To find the magnitude of the horizontal force $F$ needed to drag block $B$ to the left at a constant speed, let's analyze the forces on both blocks $A$ and $B$. Here's the step-by-step solution:

Step 1: List Given Data

• Weight of block $A$: $W_A = 1.40 \, \text{N}$
• Weight of block $B$: $W_B = 4.20 \, \text{N}$
• Coefficient of kinetic friction $\mu_k = 0.30$
• The system moves at a constant speed, meaning acceleration $a = 0$.

Step 2: Determine Normal Forces

Since the weights of the blocks act vertically, the normal forces for each block are given by their weights:

• Normal force on $A$: $N_A = W_A = 1.40 \, \text{N}$
• Normal force on $B$: $N_B = W_B = 4.20 \, \text{N}$

Step 3: Calculate Frictional Forces

The kinetic frictional force $f_k$ for each block is given by: $f_k = \mu_k \cdot N$

• Friction force on $A$: $f_{kA} = \mu_k \cdot N_A = 0.30 \cdot 1.40 = 0.42 \, \text{N}$
• Friction force on $B$: $f_{kB} = \mu_k \cdot N_B = 0.30 \cdot 4.20 = 1.26 \, \text{N}$

Step 4: Analyze Forces on Block $A$

Block $A$ is connected to block $B$ via a light flexible cord that goes over a frictionless pulley. Since block $B$ is moving at a constant speed, block $A$ will also move at a constant speed to the left. Therefore, the forces on block $A$ in the horizontal direction must balance out.

Let $T$ be the tension in the cord connecting $A$ and $B$. The forces on block $A$ in the horizontal direction are:

1. Tension $T$ pulling $A$ to the left.
2. Frictional force $f_{kA} = 0.42 \, \text{N}$ opposing the motion to the right.

Since block $A$ moves at constant speed: $T = f_{kA} = 0.42 \, \text{N}$

Step 5: Analyze Forces on Block $B$

For block $B$, the forces in the horizontal direction are:

1. The applied force $F$ pulling $B$ to the left.
2. The frictional force $f_{kB} = 1.26 \, \text{N}$ opposing the motion to the right.
3. The tension $T = 0.42 \, \text{N}$ pulling block $B$ to the right (because it’s attached to $A$).

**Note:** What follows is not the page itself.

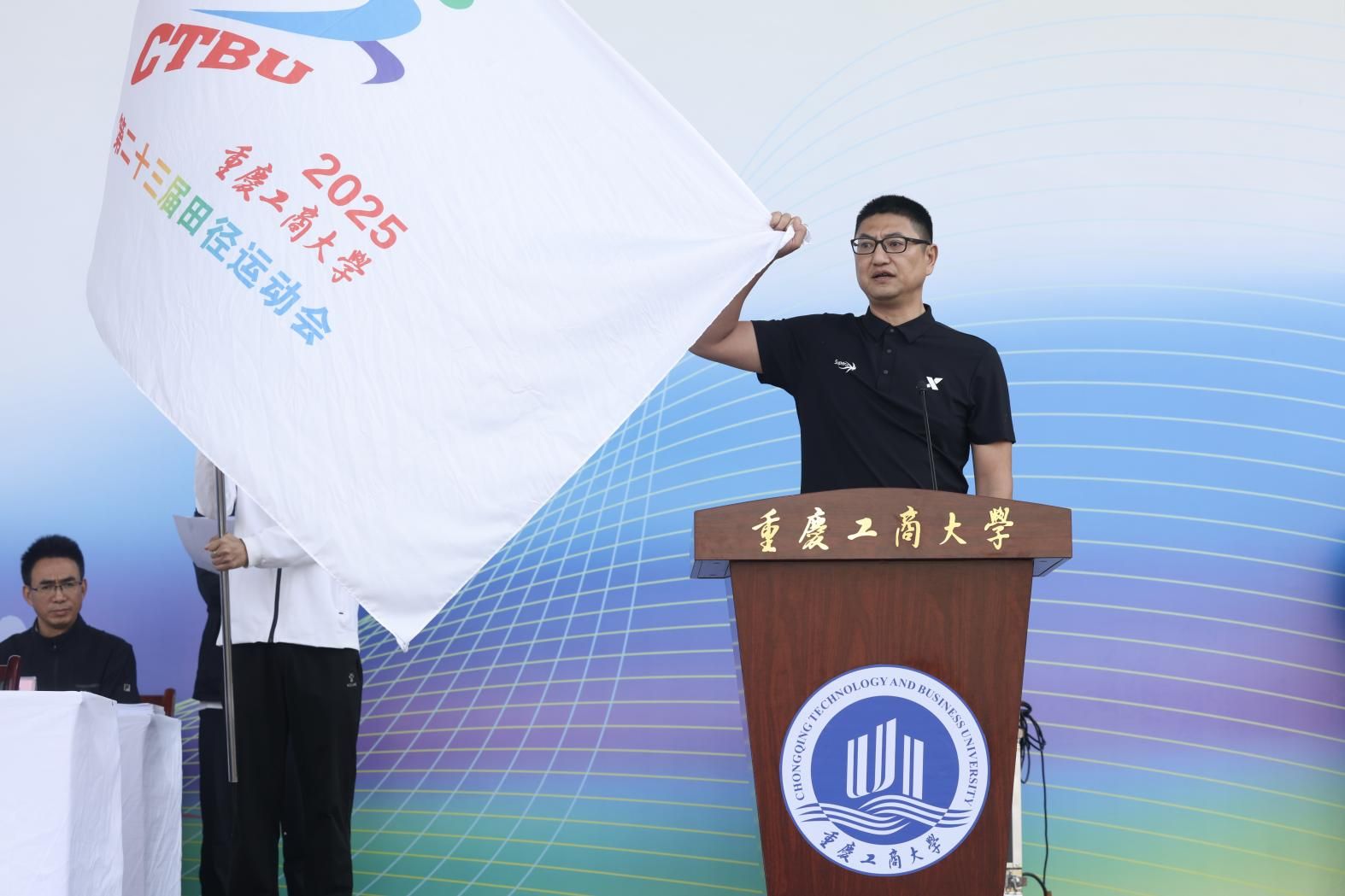 体育学院教师蒋愉、通识学院学生陈琪分别作为裁判员和运动员代表庄严宣誓,承诺以公平公正的态度和拼搏进取的精神参与赛事。

Since block $B$ is also moving at a constant speed: $F = f_{kB} + T$ Substitute the values: $F = 1.26 + 0.42 = 1.68 \, \text{N}$

Final Answer

The magnitude of the horizontal force $F$ necessary to drag block $B$ to the left at a constant speed is: $\boxed{1.68 \, \text{N}}$

Would you like further details or have any questions?

Additional Questions

1. How would the force $F$ change if the coefficient of kinetic friction increased?
2. What would happen to the tension $T$ if block $A$ was heavier?
3. How would the result differ if the pulley had friction?
4. What is the effect of changing the direction of $F$ on the motion of blocks $A$ and $B$?
5. If $F$ were applied to block $A$ instead, how would the system's behavior change?

Tip

In problems involving friction, identifying all surfaces in contact and calculating individual frictional forces separately helps in balancing the equations efficiently.